Johnson's second stand-up comedy special titled Homecoming Show premiered on Netflix and it was filmed in San Jose, California. On October 1, 2015, Johnson's third stand-up special, titled Anjelah Johnson: Not Fancy, was filmed in southern California and released on Netflix.

==Personal life==
Born on May 14, 1982, Johnson was born in San Jose, California and grew up there, in a devout Christian family and she is a Christian. She is of Mexican and Native American descent.

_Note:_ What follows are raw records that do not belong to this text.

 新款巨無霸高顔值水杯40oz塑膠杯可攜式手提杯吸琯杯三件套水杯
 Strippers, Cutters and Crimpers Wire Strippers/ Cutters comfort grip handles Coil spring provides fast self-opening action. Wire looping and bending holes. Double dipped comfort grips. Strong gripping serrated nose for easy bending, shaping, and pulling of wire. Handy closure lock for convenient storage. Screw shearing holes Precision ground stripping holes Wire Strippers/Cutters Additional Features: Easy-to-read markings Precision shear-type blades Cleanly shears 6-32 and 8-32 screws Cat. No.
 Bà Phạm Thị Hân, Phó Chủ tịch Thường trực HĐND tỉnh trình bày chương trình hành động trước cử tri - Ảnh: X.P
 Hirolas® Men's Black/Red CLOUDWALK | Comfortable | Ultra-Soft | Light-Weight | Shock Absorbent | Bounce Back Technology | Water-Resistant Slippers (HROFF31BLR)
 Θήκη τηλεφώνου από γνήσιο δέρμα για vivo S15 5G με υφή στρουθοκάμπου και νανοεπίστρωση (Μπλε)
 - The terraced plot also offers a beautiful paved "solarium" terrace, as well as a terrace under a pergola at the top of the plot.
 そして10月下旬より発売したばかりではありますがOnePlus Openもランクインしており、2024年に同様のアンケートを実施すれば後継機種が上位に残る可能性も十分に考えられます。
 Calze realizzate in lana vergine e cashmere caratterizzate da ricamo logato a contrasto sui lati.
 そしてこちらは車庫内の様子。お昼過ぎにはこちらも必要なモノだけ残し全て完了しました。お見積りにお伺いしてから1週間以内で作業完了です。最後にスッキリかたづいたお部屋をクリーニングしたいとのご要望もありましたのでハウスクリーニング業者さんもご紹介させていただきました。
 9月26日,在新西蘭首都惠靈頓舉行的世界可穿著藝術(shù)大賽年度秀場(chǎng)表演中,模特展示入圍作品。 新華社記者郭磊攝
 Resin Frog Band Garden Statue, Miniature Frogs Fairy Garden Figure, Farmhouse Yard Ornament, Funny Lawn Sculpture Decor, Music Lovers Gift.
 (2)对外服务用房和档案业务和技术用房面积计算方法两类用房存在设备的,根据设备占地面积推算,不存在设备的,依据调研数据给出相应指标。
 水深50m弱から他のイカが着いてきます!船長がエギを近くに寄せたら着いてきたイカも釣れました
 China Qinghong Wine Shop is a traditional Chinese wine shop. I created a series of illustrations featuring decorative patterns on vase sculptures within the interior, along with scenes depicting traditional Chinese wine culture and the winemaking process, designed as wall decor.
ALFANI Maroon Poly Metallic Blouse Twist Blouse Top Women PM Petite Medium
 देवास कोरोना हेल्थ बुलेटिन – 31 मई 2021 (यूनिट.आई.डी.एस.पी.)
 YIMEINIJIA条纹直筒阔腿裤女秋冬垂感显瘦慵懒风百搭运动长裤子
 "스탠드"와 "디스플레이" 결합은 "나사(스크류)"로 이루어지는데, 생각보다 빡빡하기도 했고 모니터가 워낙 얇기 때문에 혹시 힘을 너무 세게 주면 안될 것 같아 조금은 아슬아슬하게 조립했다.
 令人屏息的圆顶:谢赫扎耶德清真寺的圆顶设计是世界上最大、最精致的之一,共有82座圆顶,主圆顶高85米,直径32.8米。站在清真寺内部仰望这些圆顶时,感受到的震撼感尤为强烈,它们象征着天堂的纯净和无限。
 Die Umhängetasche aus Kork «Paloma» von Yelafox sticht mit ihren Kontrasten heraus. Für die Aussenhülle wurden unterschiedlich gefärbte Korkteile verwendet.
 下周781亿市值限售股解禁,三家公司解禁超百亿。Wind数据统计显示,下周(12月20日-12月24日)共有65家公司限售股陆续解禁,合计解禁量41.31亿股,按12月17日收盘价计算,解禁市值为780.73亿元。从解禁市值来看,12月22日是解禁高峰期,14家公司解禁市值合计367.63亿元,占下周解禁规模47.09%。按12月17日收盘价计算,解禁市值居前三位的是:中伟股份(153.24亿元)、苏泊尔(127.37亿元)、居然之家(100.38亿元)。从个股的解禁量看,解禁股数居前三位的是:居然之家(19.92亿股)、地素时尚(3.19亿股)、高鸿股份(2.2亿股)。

She was a Pop Warner cheerleader beginning when she was eight, in soccer, softball, track, and in hip hop and break dancing. She began acting as a senior in high school and was especially interested in imitating different accents. She later studied speech communications at De Anza College in Cupertino, California.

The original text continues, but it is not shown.